Very well indeed mate

Hopefully it'll be released soon as people really need to try it to believe it

Imo I prefer a cleaner to a good looker

It's just a bonus that this does both


----------



## Kimo (Jun 7, 2013)

Yellow Dave said:


> There is no correct answer, depends on how well a car is protected, how dirty it is, and what you expect to achieve in a weekly rinse, as there is no product out there that will just be sprayed on, left to dwell and rinse off leaving it clean without physically having to touch it to wash it properly. Some can perform very well and remove a lot of grime, but it still won't be clean enough to dry
> 
> If you're not protecting the van, then maybe look at a traffic film remover or all purpose cleaner through a foam lance


That's true

I'd never dry a car after a SF, no matter how clean it looks


----------



## WhiteRoc_170 (Jan 31, 2013)

Kimo73 said:


> Very well indeed mate
> 
> Hopefully it'll be released soon as people really need to try it to believe it
> 
> ...


Yeh I prefer a cleaner to looker aswell. Maybe I'll try some when it comes out I'll see.


----------



## Mr K (Jan 15, 2014)

I wouldnt waste your money, does little or nothing in my opinion.


----------



## Trip tdi (Sep 3, 2008)

Really depends on the pressure washer and the angle you are jetting, snow foam does work but I find it really needs a few hits and let it dwell and blast off.
In my opinion you cannot beat a warm citrus pre wash then just pressure wash off, I do this first then snow foam a few hits on extra strength snow foam mix and a tfr agent then and a milder one to get the most of dirt and mud off before I touch the paint.


----------



## Blackmondie (Mar 13, 2011)

You expect too much from a snow foam.
It's purpose is to safely loosen up and remove dirt like sand particles, etc. That are then rinsed down, so you can safely wash afterwards.
A lot of people are mistaking it for a TFR. 
SF won't remove road film. You'll have to touch the paint for this


----------



## shaunmods (Dec 2, 2010)

The best ones I've tried so far are Bilt Hamber Auto Foam and CarChem's snow foam.

A good trick is to mix a stronger solution of the snowfoam in a pump sprayer (I used both of the above at 1:12 for unprotected cars) and use this for the lower half of the car, then foam as normal over the top of it.

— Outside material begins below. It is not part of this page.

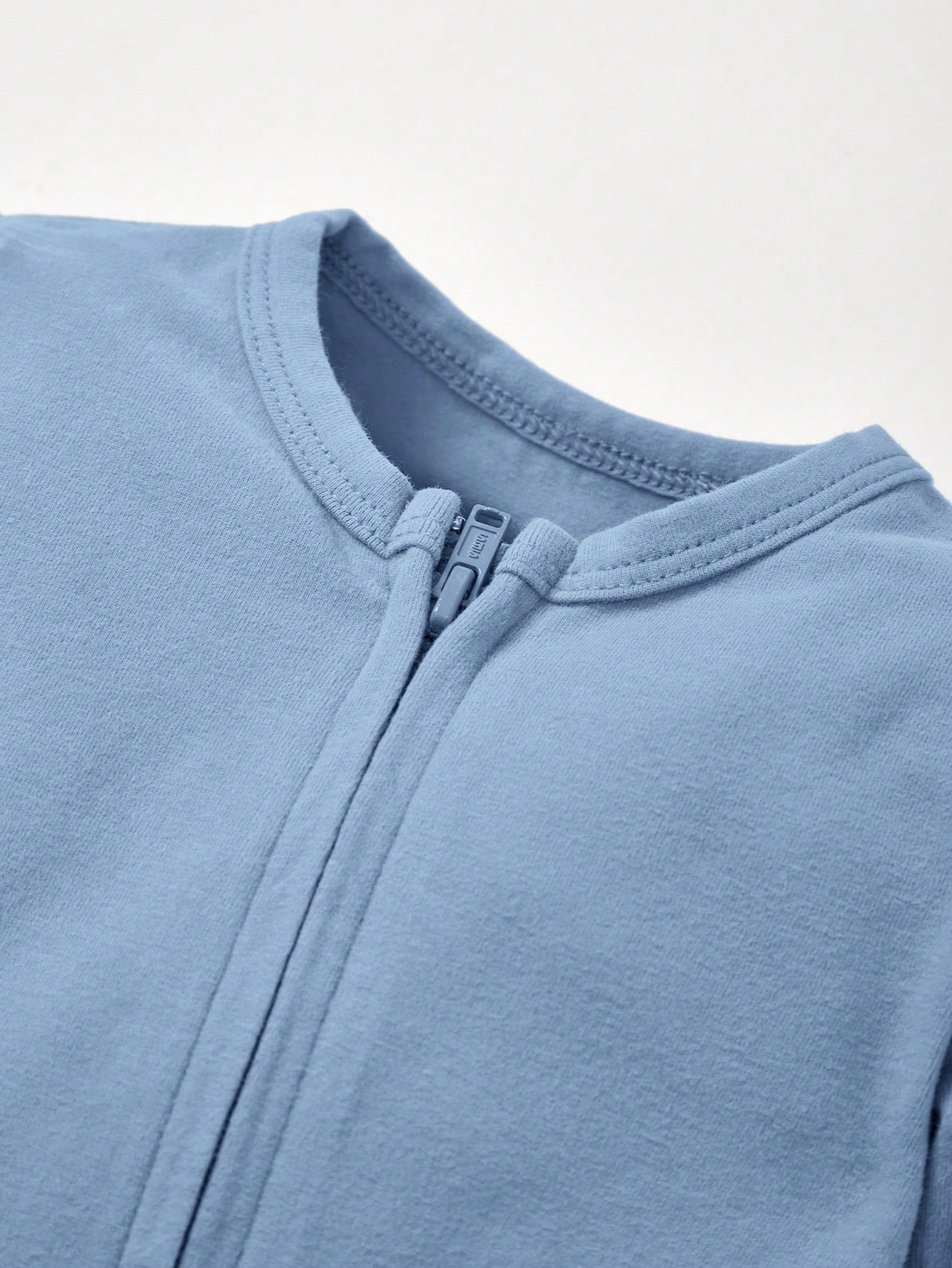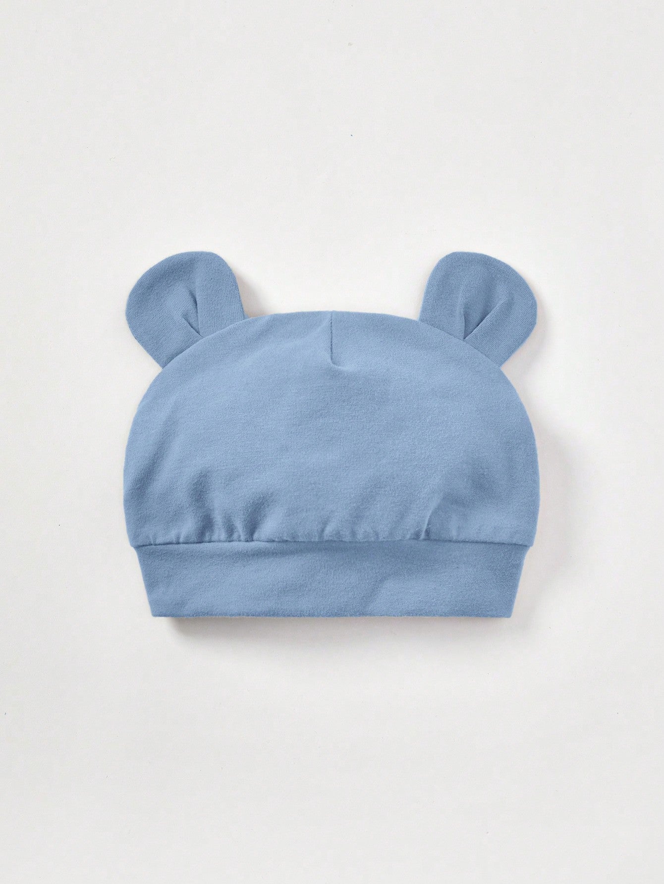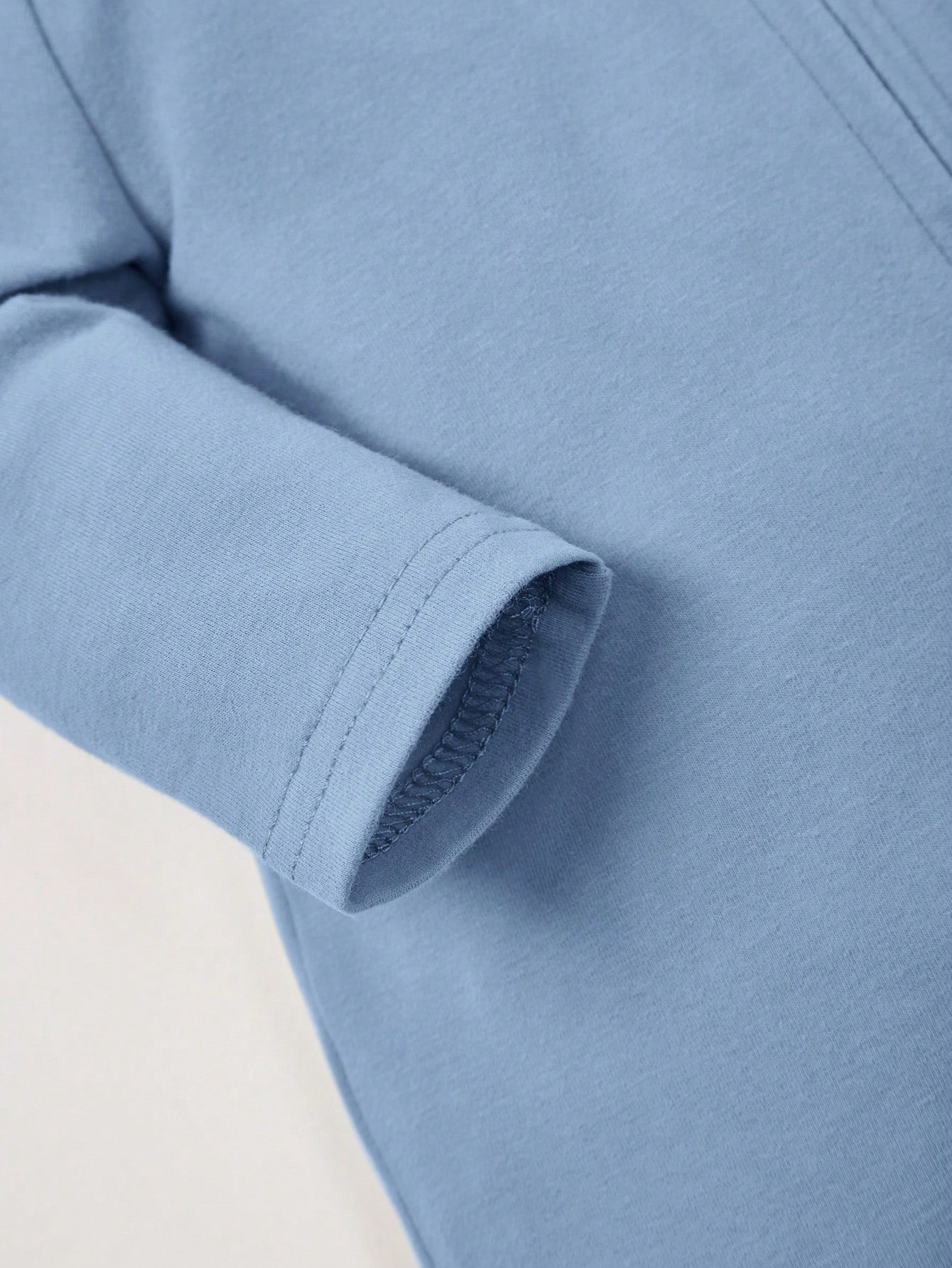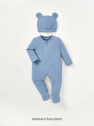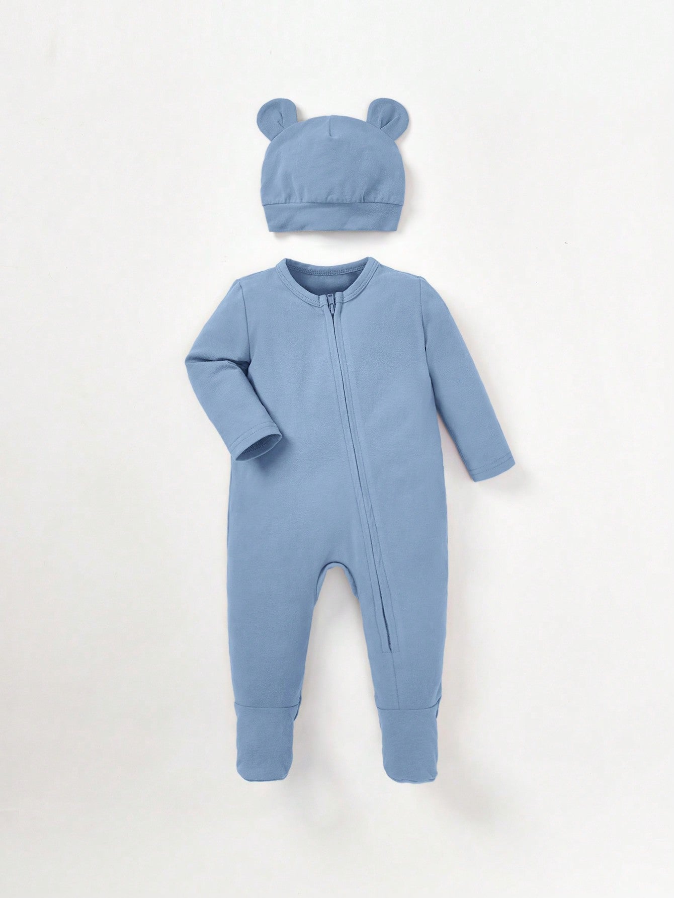 Cozy Pixies Newborn Baby Boy Solid Zip Up Sleep Jumpsuit & 3D Ear Design Hat

This gives near TFR levels of cleaning power in my opinion. 

Also I've found that just quickly rinsing off the foam does nothing. You need to be very meticulous when taking the foam off. I work from the bottom up in overlapping with each pass of the jet wash :thumb:


----------



## Boris the Blade (Dec 30, 2014)

Yellow Dave said:


> There is no correct answer, as there is no product out there that will just be sprayed on, left to dwell and rinse off leaving it clean without physically having to touch it to wash it properly


Pretty much the answer im looking for thanks alot.



Blackmondie said:


> *You expect too much from a snow foam.*


lol, im not expecting anything, thats the reason behind this thread

Thanks for all other replys, not going to bother with one i dont think.


----------



## nappy (Oct 3, 2006)

I used powermaxed tfr at the weekend. It shifted much more road salt and grime as previously mentioned. I still snow foamed after though to get more dirt off, prior to foaming again and going over with 2 bucket method. Would have taken photos. But when it's 3degrees and starting to freeze that was not top priority.


----------



## Shiny (Apr 23, 2007)

Boris the Blade said:


> lol, im not expecting anything, thats the reason behind this thread


This may help, it's a post I did a few years back, but my results were that snow foam is an effective pre-wash. As mentioned, results will vary depending on your car and the snow foam, but I think this test speaks for itself. http://www.detailingworld.co.uk/forum/showthread.php?t=241248


----------



## 5kinner (Nov 24, 2014)

I used it for the first time last weekend, having cleaned my car with it I had about 10 mins to have a go at the missus'. I thought what the hell, snow foam ... pressured washed, job done. I'd say it got 80% of the muck off the white polo. 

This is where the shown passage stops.